(Dataset entries)
--*--

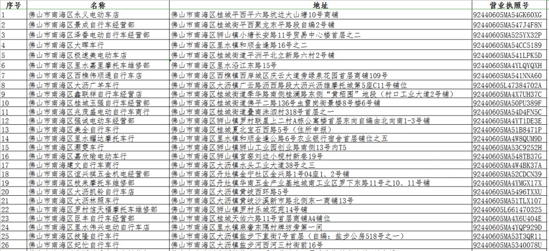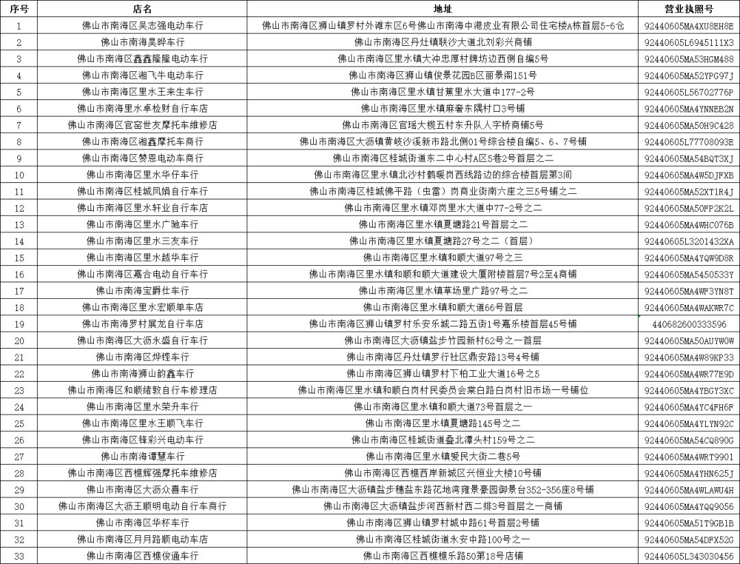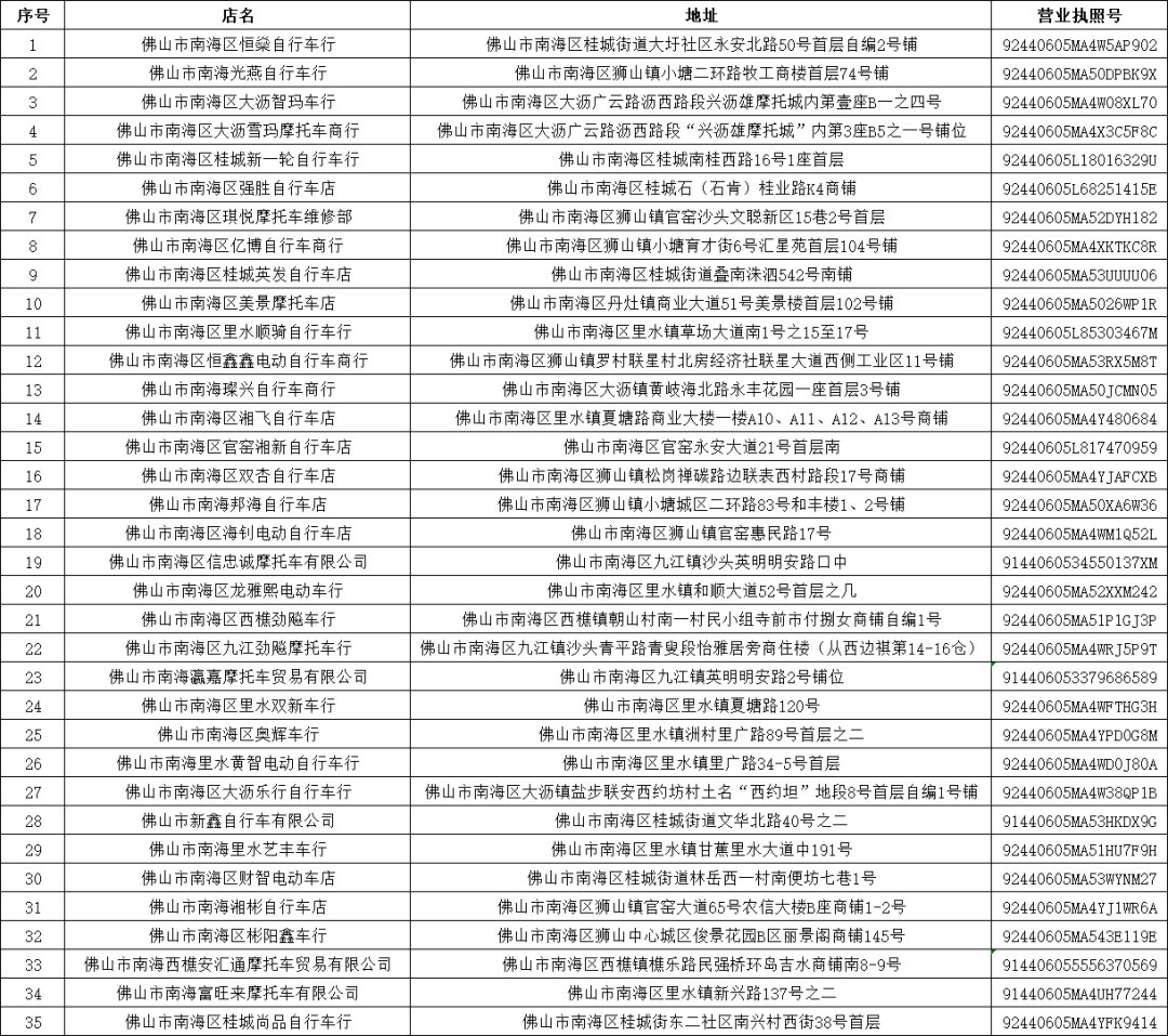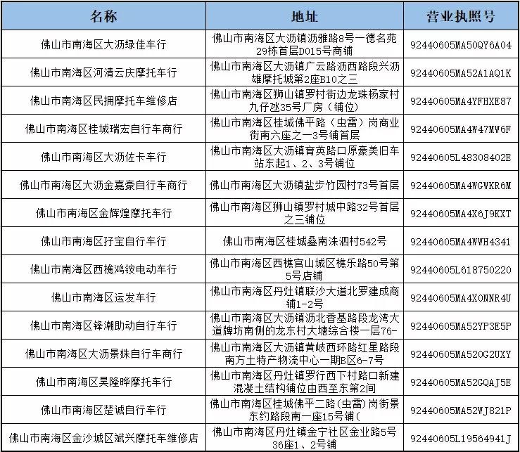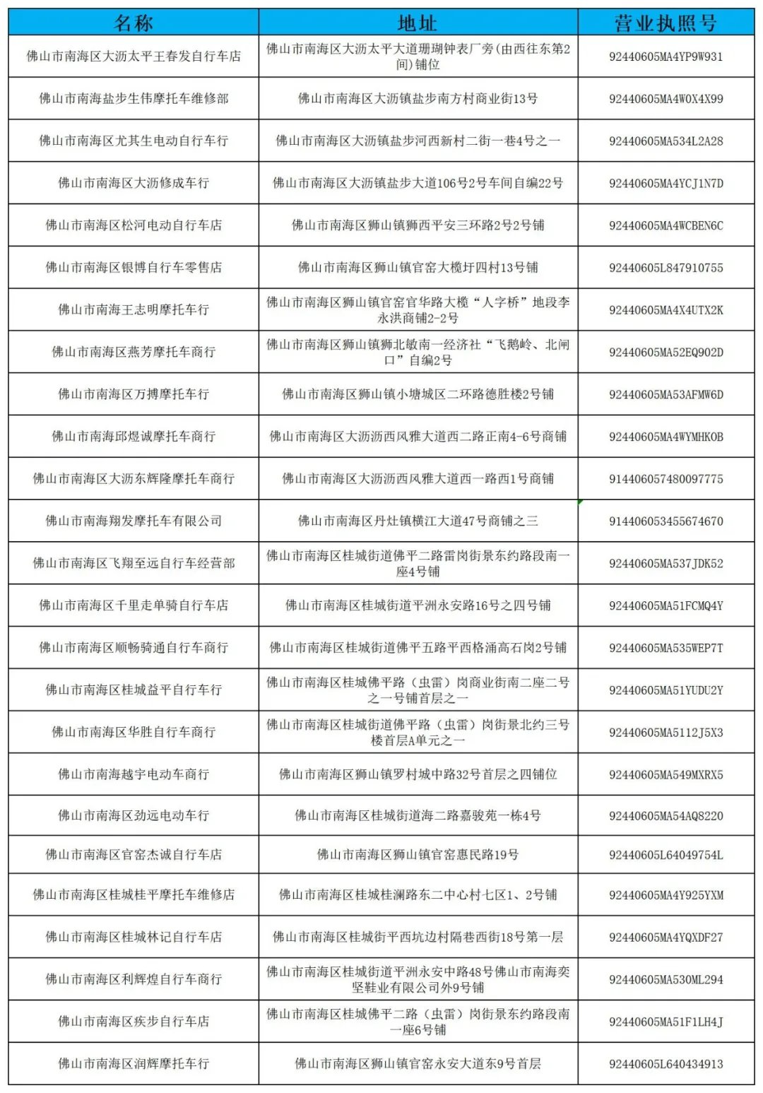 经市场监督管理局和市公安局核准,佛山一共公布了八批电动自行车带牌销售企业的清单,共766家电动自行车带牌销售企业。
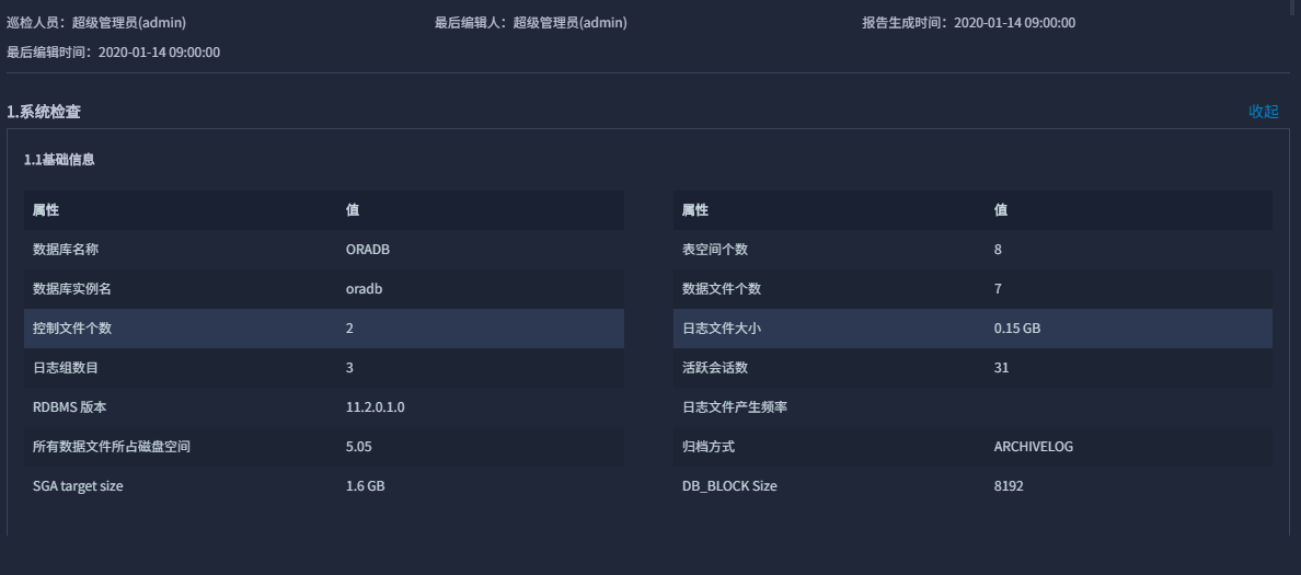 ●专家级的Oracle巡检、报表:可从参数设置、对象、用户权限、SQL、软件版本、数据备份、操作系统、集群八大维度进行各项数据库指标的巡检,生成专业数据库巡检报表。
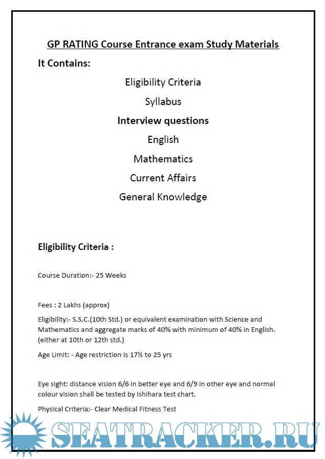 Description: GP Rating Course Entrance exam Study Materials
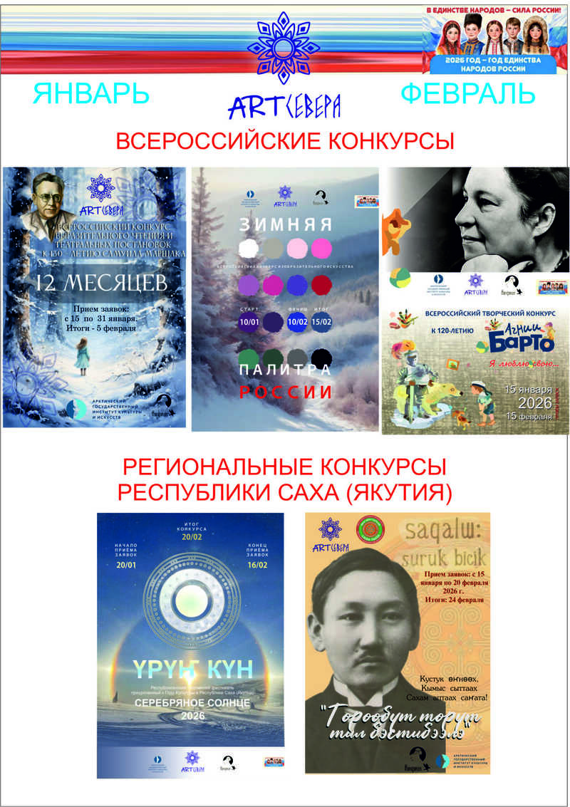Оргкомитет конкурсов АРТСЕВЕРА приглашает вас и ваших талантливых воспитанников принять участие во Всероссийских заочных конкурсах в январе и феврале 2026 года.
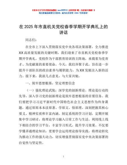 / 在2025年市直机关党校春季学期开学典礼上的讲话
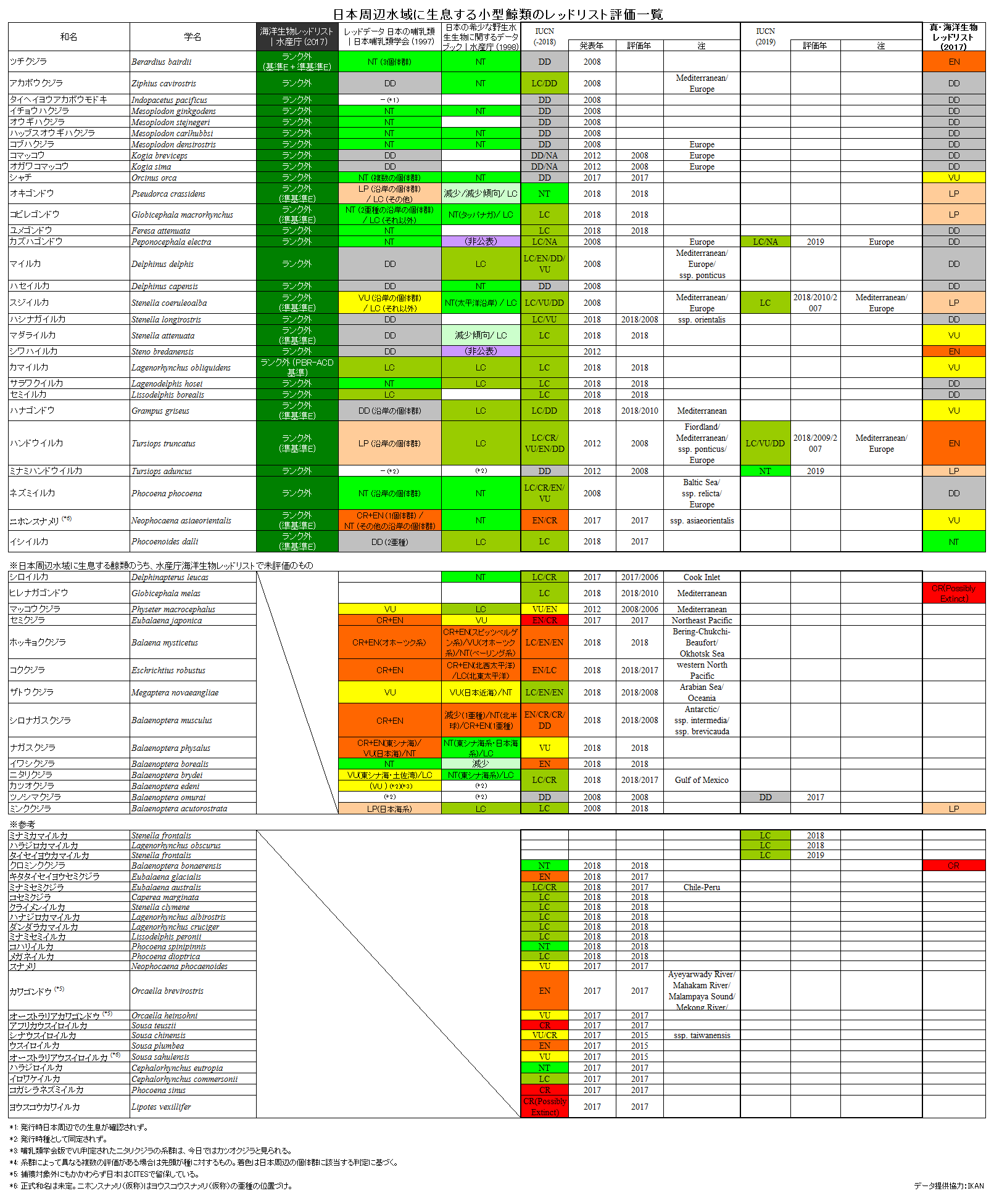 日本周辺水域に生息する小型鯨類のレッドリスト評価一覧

--*--

§ **What this task involves**
Return every record exactly, minus the pictures.

§ **Task output**
 经市场监督管理局和市公安局核准,佛山一共公布了八批电动自行车带牌销售企业的清单,共766家电动自行车带牌销售企业。
 ●专家级的Oracle巡检、报表:可从参数设置、对象、用户权限、SQL、软件版本、数据备份、操作系统、集群八大维度进行各项数据库指标的巡检,生成专业数据库巡检报表。
 Description: GP Rating Course Entrance exam Study Materials
Оргкомитет конкурсов АРТСЕВЕРА приглашает вас и ваших талантливых воспитанников принять участие во Всероссийских заочных конкурсах в январе и феврале 2026 года.
 / 在2025年市直机关党校春季学期开学典礼上的讲话
 日本周辺水域に生息する小型鯨類のレッドリスト評価一覧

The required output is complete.